What you will do: Pictures stay out; everything else in the records below is to be repeated exactly.

Exercise materials:

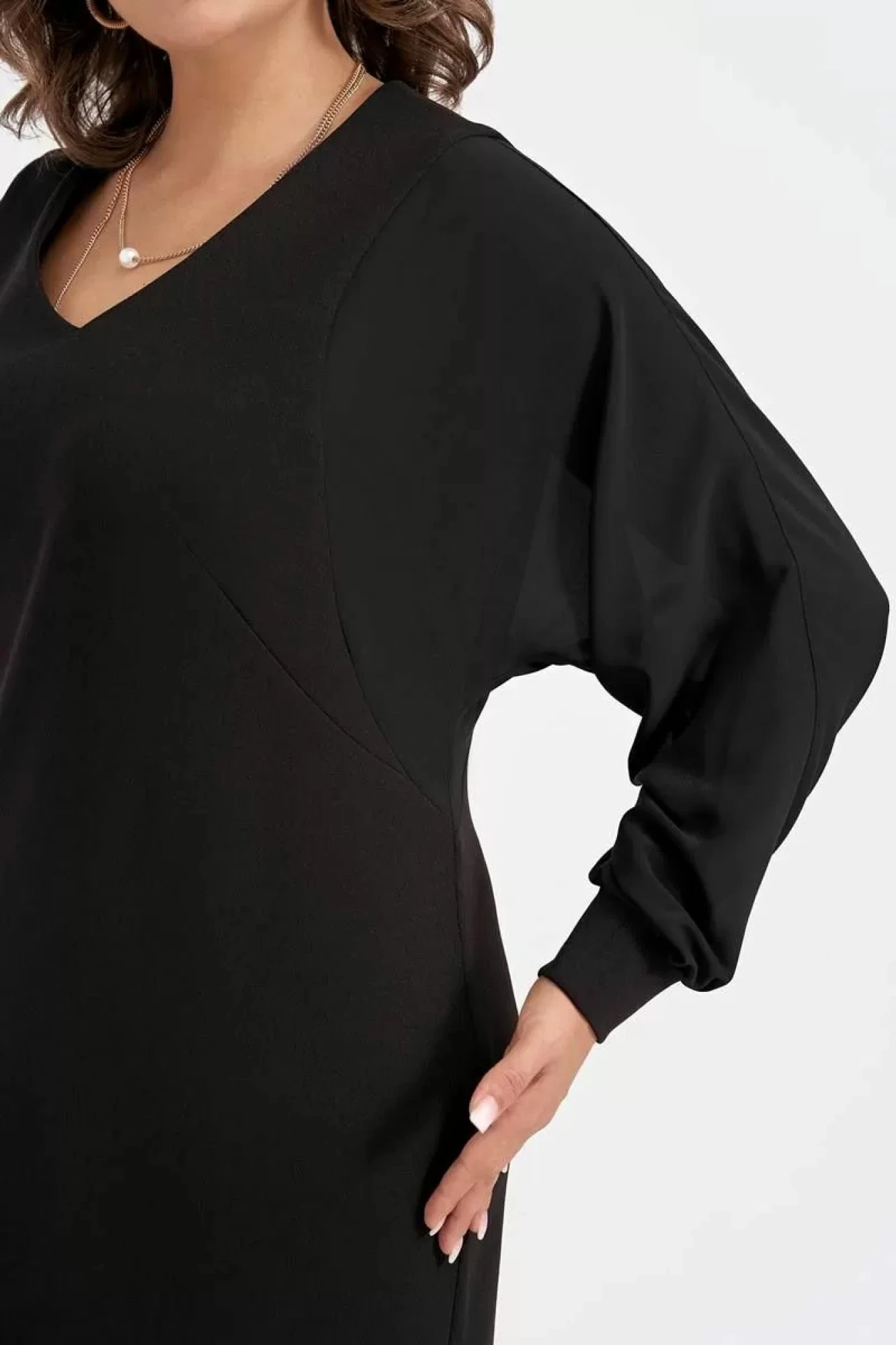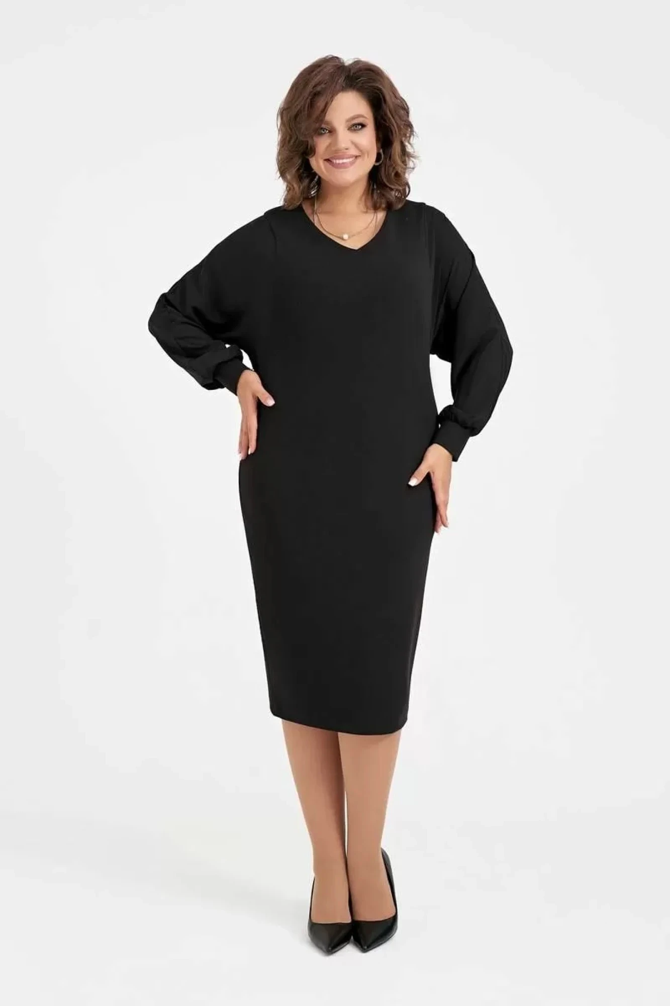 Женское платье полуприлегающего силуэта выполнено из двух видов ткани. Перед и спинка - из плательного трикотажа, рукава - из креп-шифона. Рукава выполнены с углубленной линией проймы и манжетами.
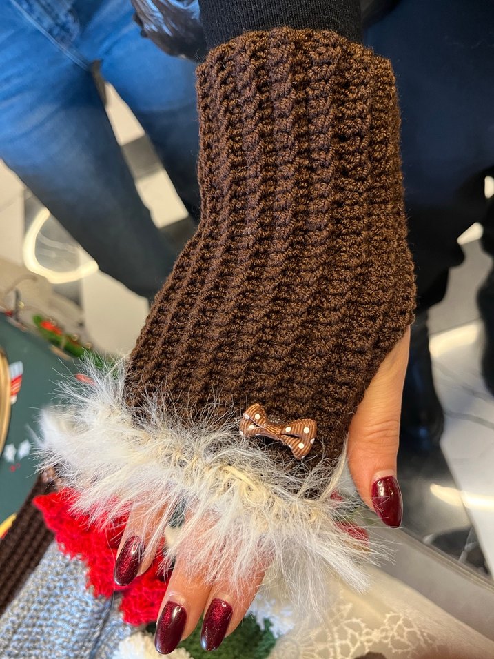 Kahverengi örgü kadın eldiveni, kürk detayları ve küçük bir fiyonk ile sıcak ve bohem bir tarz sunar.
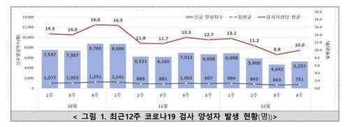전날 질병관리청에 따르면 지난달 4주차(12월 24∼30일) 코로나19 신규 확진자는 5천257명으로, 직전 주 대비 13% 증가했다. 이 기간 일평균 신규 확진자는 751명이다.
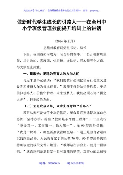 / 做新时代学生成长的引路人——在全州中小学班级管理效能提升培训上的讲话
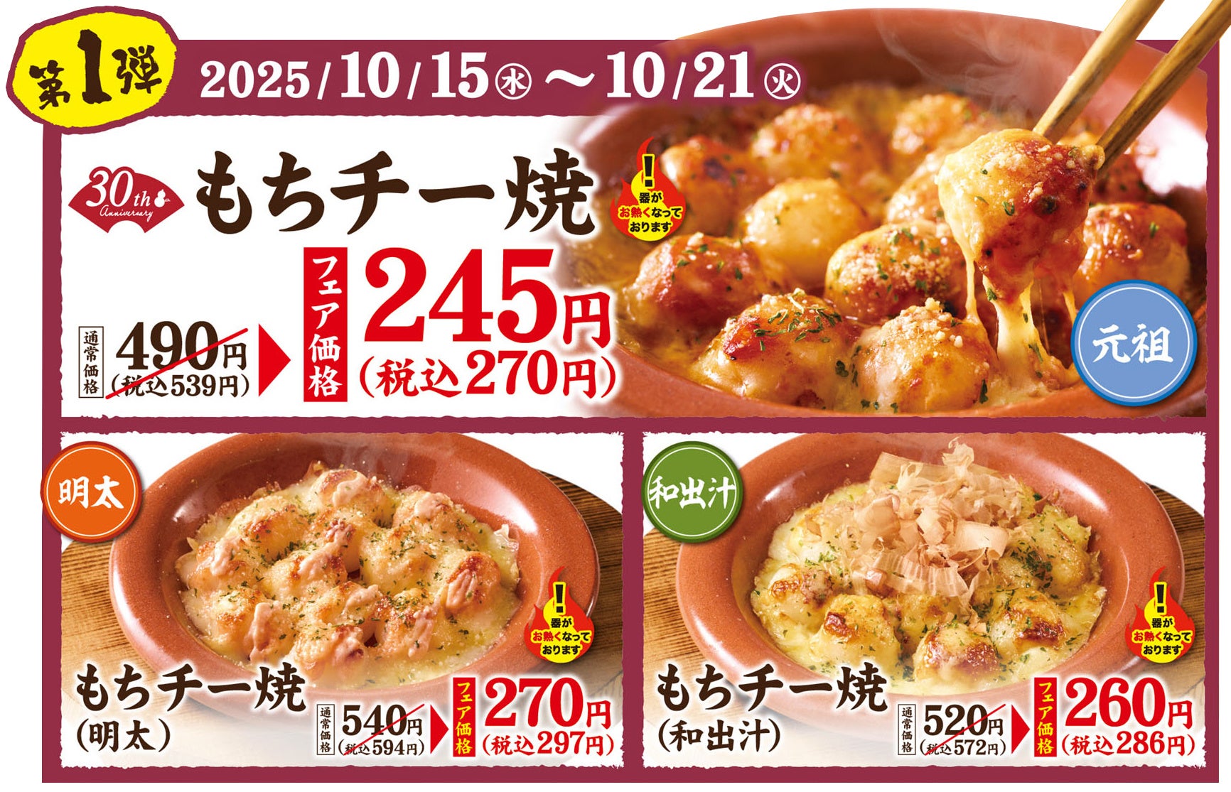 2025年10月15日(水)~ 10月21日(火)の第1弾では、本年30周年を迎えた「もちチー焼」を半額にて販売!更に、30年周年の記念メニューとして10月15日よりラインナップされた「もちチー焼(明太)」、「もちチー焼(和出汁)」も半額にて販売いたします。
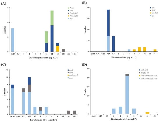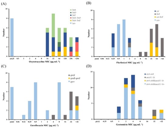 We analyzed four tet genes (tetA, tetB, tetD, and tetE) encoding proteins involved in tetracycline efflux (Figure 5). In A. hydrophila, all the tet-positive isolates (35 isolates) were oxytetracycline NWT at ECVCLSI (Figure 5A). The most common tet gene was tetE, which was found in 14 (40%) NWT isolates, followed by tetA, which was found in 12 (34.3%) NWT isolates. Some of the isolates carried more than one tet gene, with tetA–tetD (three isolates) and tetA–tetE (five isolates) related to the oxytetracycline MICs ranging from 32 µg mL−1 to 256 µg mL−1 and demonstrating high resistance to oxytetracycline. The tetB gene was not detected in any of the strains. We analyzed the four tet genes in A. veronii (Figure 6). In A. veronii, all the tet-positive isolates (25 isolates) were oxytetracycline NWT at ECVNRI (Figure 6A), and the most common tet gene was tetE, which was found in 13 (52%) of the NWT isolates. Additionally, A. veronii isolates with MICs of 64 µg mL−1 (two strains) and 128 µg mL−1 (one strain) carried two tet genes, (tetA–tetE and tetD–tetE, respectively). The tetB gene was not detected in any of the strains.
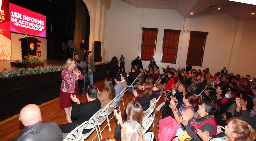 Mexicali, B.C. A jueves 01 de diciembre 2022 / Redacción.- En presencia de la alcaldesa de Mexicali Norma Bustamante Martínez, así como, de autoridades municipales, estatales y enlaces comunitarios, la presidenta del Patronato DIF Municipal Karla Edith González Navarro presentó su primer informe de actividades en el Teatro Salvador Caldera en la Casa de la Cultura.
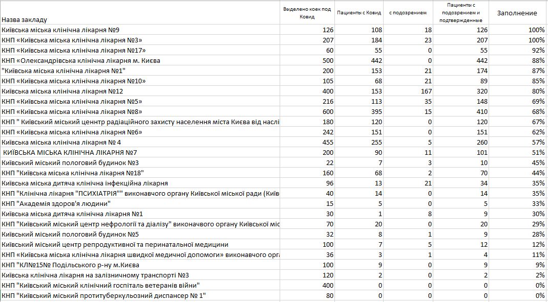 Большинство больниц столицы сегодня уже более чем на половину заполнены больными коронавирусом. Об этом свидетельствуют данные, которые в Фейсбук опубликовал системный аналитик Евгений Истребин.

Task result:
 Женское платье полуприлегающего силуэта выполнено из двух видов ткани. Перед и спинка - из плательного трикотажа, рукава - из креп-шифона. Рукава выполнены с углубленной линией проймы и манжетами.
 Kahverengi örgü kadın eldiveni, kürk detayları ve küçük bir fiyonk ile sıcak ve bohem bir tarz sunar.
전날 질병관리청에 따르면 지난달 4주차(12월 24∼30일) 코로나19 신규 확진자는 5천257명으로, 직전 주 대비 13% 증가했다. 이 기간 일평균 신규 확진자는 751명이다.
 / 做新时代学生成长的引路人——在全州中小学班级管理效能提升培训上的讲话
 2025年10月15日(水)~ 10月21日(火)の第1弾では、本年30周年を迎えた「もちチー焼」を半額にて販売!更に、30年周年の記念メニューとして10月15日よりラインナップされた「もちチー焼(明太)」、「もちチー焼(和出汁)」も半額にて販売いたします。
 We analyzed four tet genes (tetA, tetB, tetD, and tetE) encoding proteins involved in tetracycline efflux (Figure 5). In A. hydrophila, all the tet-positive isolates (35 isolates) were oxytetracycline NWT at ECVCLSI (Figure 5A). The most common tet gene was tetE, which was found in 14 (40%) NWT isolates, followed by tetA, which was found in 12 (34.3%) NWT isolates. Some of the isolates carried more than one tet gene, with tetA–tetD (three isolates) and tetA–tetE (five isolates) related to the oxytetracycline MICs ranging from 32 µg mL−1 to 256 µg mL−1 and demonstrating high resistance to oxytetracycline. The tetB gene was not detected in any of the strains. We analyzed the four tet genes in A. veronii (Figure 6). In A. veronii, all the tet-positive isolates (25 isolates) were oxytetracycline NWT at ECVNRI (Figure 6A), and the most common tet gene was tetE, which was found in 13 (52%) of the NWT isolates. Additionally, A. veronii isolates with MICs of 64 µg mL−1 (two strains) and 128 µg mL−1 (one strain) carried two tet genes, (tetA–tetE and tetD–tetE, respectively). The tetB gene was not detected in any of the strains.
 Mexicali, B.C. A jueves 01 de diciembre 2022 / Redacción.- En presencia de la alcaldesa de Mexicali Norma Bustamante Martínez, así como, de autoridades municipales, estatales y enlaces comunitarios, la presidenta del Patronato DIF Municipal Karla Edith González Navarro presentó su primer informe de actividades en el Teatro Salvador Caldera en la Casa de la Cultura.
 Большинство больниц столицы сегодня уже более чем на половину заполнены больными коронавирусом. Об этом свидетельствуют данные, которые в Фейсбук опубликовал системный аналитик Евгений Истребин.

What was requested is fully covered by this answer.